I use it in the evening, sometimes followed by a retinoid serum and moisturizer or just moisturizer.
30ml, 5.80 euros
Brightening and Hydrating: The Ordinary Magnesium Ascorbyl Phosphate Solution 10%
This is a stable derivative of Vitamin C in a water-based cream. It’s especially good if your concern is skin brightening. It can be used with the Niacinamide serums, which makes it versatile. I usually use it during the day after a rose water toner and The Ordinary Niacinamide serum, followed by a moisturizing lotion and sunscreen.
30ml, 9.60 euros
Fancy Skincare Geek Option: NIOD Ethylated Ascorbic Acid
Like The Ordinary, NIOD is part of the same family. Ethylated Ascorbic Acid (EAA) is another potent ingredient they offer, noting that it’s as potent as direct L-Ascorbic Acid. The benefit is that it’s highly stable and gentle on skin (in comparison to The Ordinary Vitamin C Suspension). The downside is that EAA is an expensive ingredient, which is reflected in the cost of this serum.
I use it in the evening either after a rose water toner or alone, followed by a moisturizing lotion. But honestly, I don’t see much difference when I use this serum as opposed to The Ordinary Vitamin C Suspension.
30ml, 60 euros
Cult Favorite: Skinceuticals Ferulic C
This combination of 0.5% ferulic acid (an excellent antioxidant) with 15% Vitamin C and 1% Vitamin E offers all of the benefits of a Vitamin C serum, along with light hydration, since the base Ferulic C includes hyaluronic acid. This is a very good brand, and this is one of the best serums available. However, in Belgium it’s hard to find, and at $163 for 30ml, it’s several times more expensive than my other favorites. (Another serum I used in this category was Dr. Dennis Gross Skincare Ferulic Acid+Plus Retinol Brightening Solution; 30ml, $88.)
Japanese Option: HABA White Lady Vitamin C Serum
A well-formulated 6% Vitamin C serum with licorice extract made for the Japanese market. It won’t whiten anything, but if you have spots of pigmentation, it will tone them down. I liked the watery texture and glycerin base.

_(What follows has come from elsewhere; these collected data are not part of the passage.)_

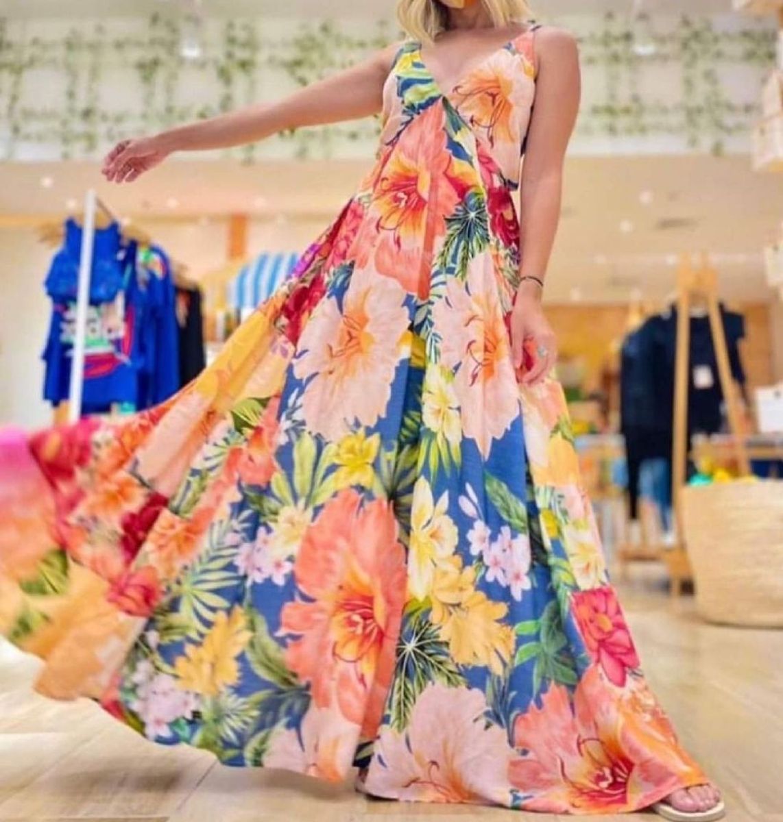 Vestido longo maxi clearance filipinas, Vestido longo floral amarra o LINDA MARIA STORES clearance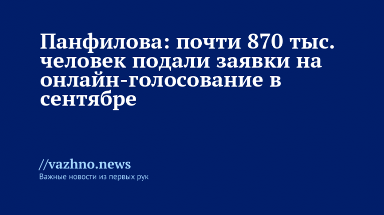 На дистанционное электронное голосование (ДЭГ), которое пройдет в сентябре в 24 регионах России, подали заявки почти 870 тысяч избирателей. Об этом 20 августа рассказала председатель Центральной избирательной комиссии (ЦИК) РФ Элла Памфилова во время заседания, трансляция которого доступна на официальном сайте комиссии.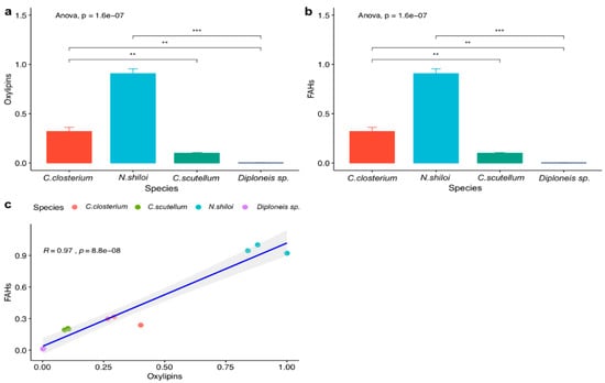 The spectrometric data of these compounds were not consistent with the structures of known oxylipins even if their chemical signature is in agreement with oxygenated derivatives of fatty acids. According to these data, statistical analysis showed significantly different levels of oxylipins in the four species (p-value < 0.001). In particular, N. shiloi was found to contain the highest level of LOX products among the four species, followed by C. closterium and C. scutellum (Figure 2a). As no canonical oxylipins were identified in Diploneis sp. by the LC-MS analysis, only trace amounts of LOX products are reported in this species.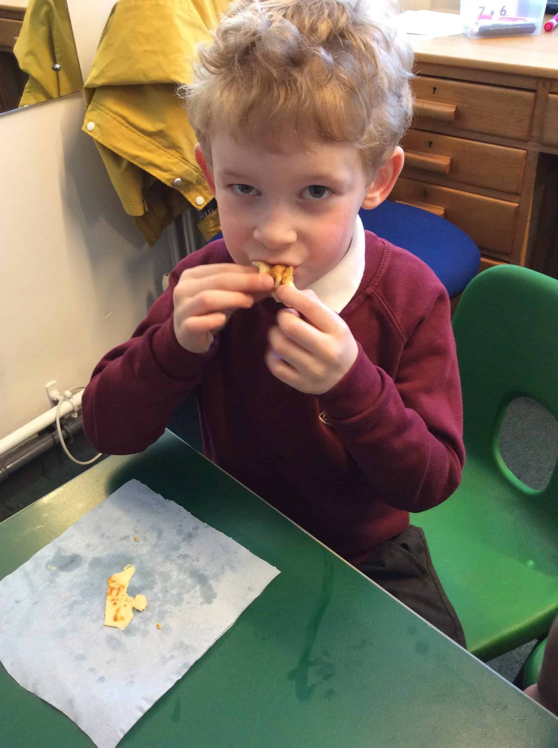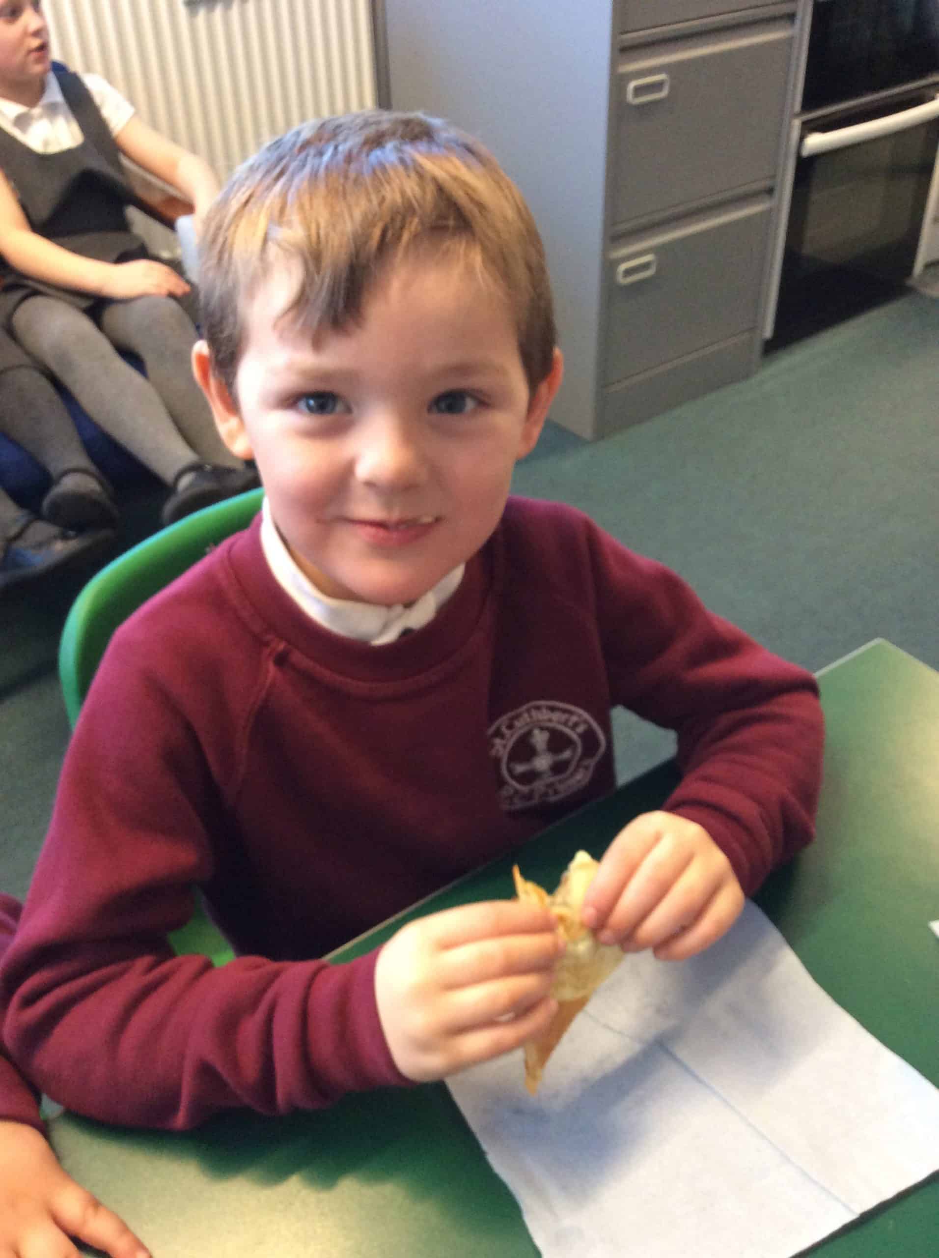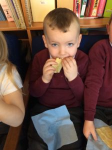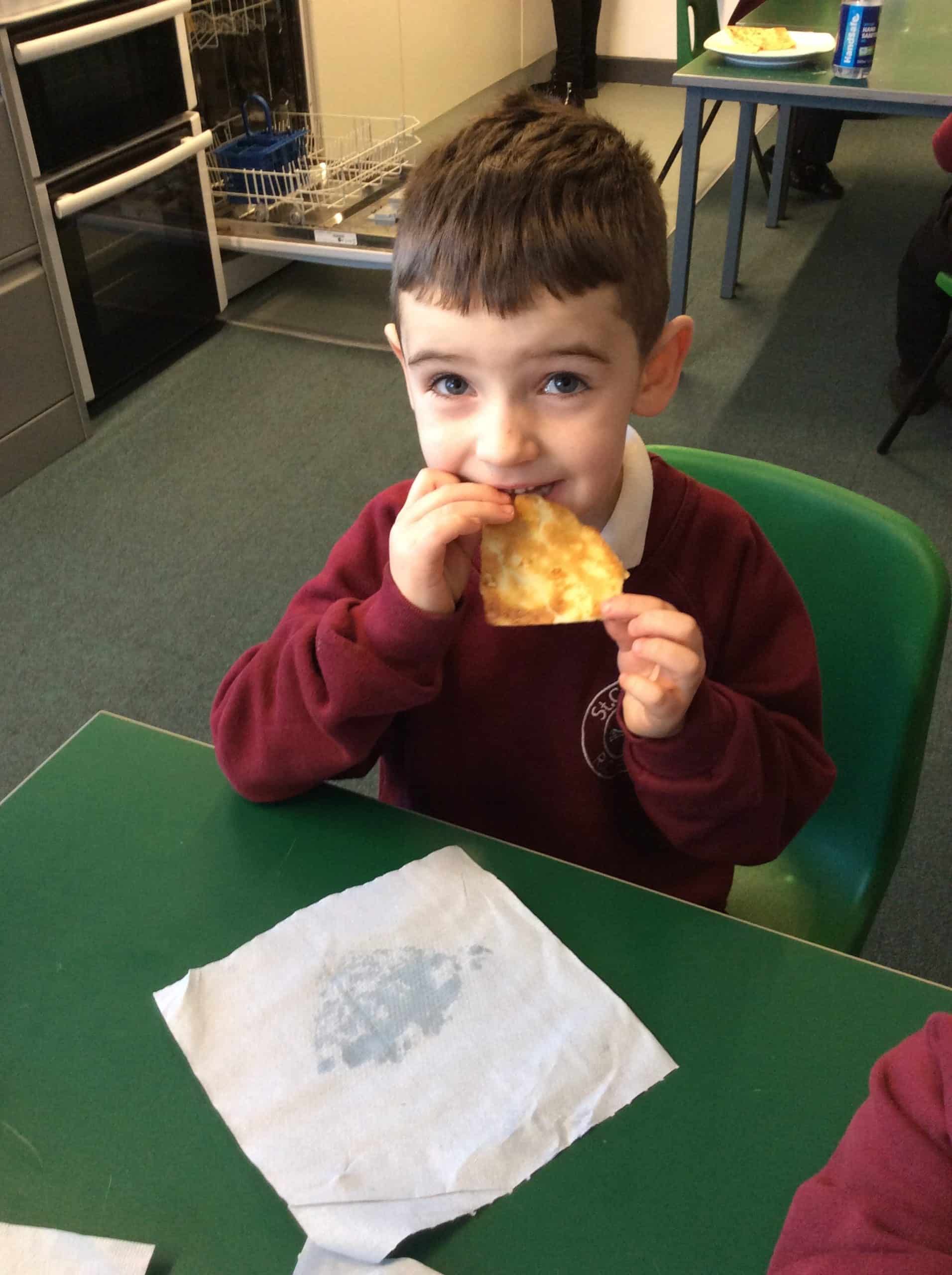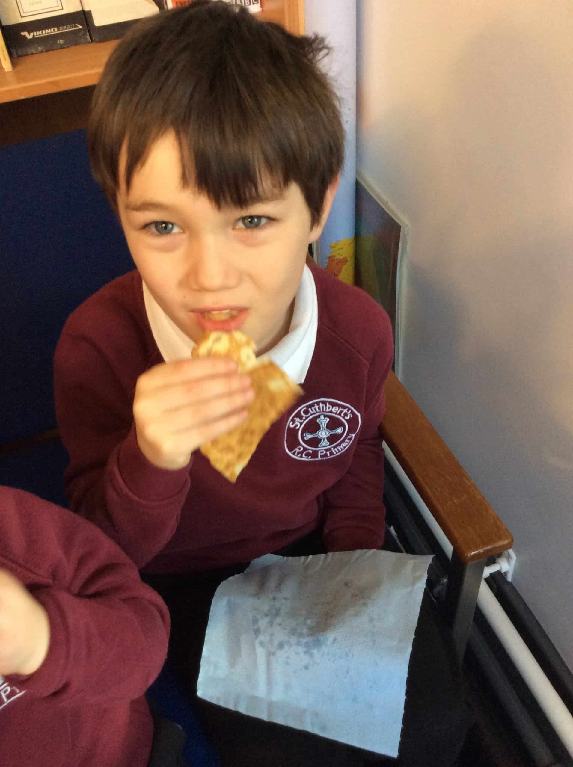 It was Pancake Day today and we decided to make our own pancakes in school. We listened to a song to help us remember the ingredients we needed and what we had to do. We each helped to add the ingredients and mix them together. The best part was when we were given some pancakes to eat.

How to Use Vitamin C in Your Skincare Routine
Here are some of my assorted tips:
Use your Vitamin C serums within 3 months after opening.
Vitamin C serum can be used during the morning and/or evening, provided you don’t use any concentrations of Niacinamide at the same time. (But you can use Niacinamide serums with other stable derivatives of Vitamin C such as Ascorbyl Tetraisopalmitate, Magnesium Ascorbyl Phosphate or Ascorbyl Glucoside.) Some dermatologists comment that highly concentrated serums are best used at night, since sun light can degrade Vitamin C, and that Vitamin C is retained in the skin over the next day.
I usually use Vitamin C in the evening, either as my first step followed by a moisturizing lotion, or after a toner. If I use a toner beforehand. I make sure to wait a few seconds for it to absorb completely before applying the Vitamin C serum.
Apart from the Niacinamide serums (see above), you can use any other serums, moisturizers or oils afterwards.
Whatever Vitamin C serum you use, apply only a small amount.
If you haven’t used Vitamin C serum before, start very slowly–once a week for two weeks and increasing frequency gradually. If your skin is very sensitive, you may find other derivatives of Vitamin C more gentle–Ascorbyl Tetraisopalmitate, Magnesium Ascorbyl Phosphate or Ascorbyl Glucoside. But if your skin handles Vitamin C well, then it’s the best choice.
Of course, please share your recommendations on using Vitamin C serums and your favorite products.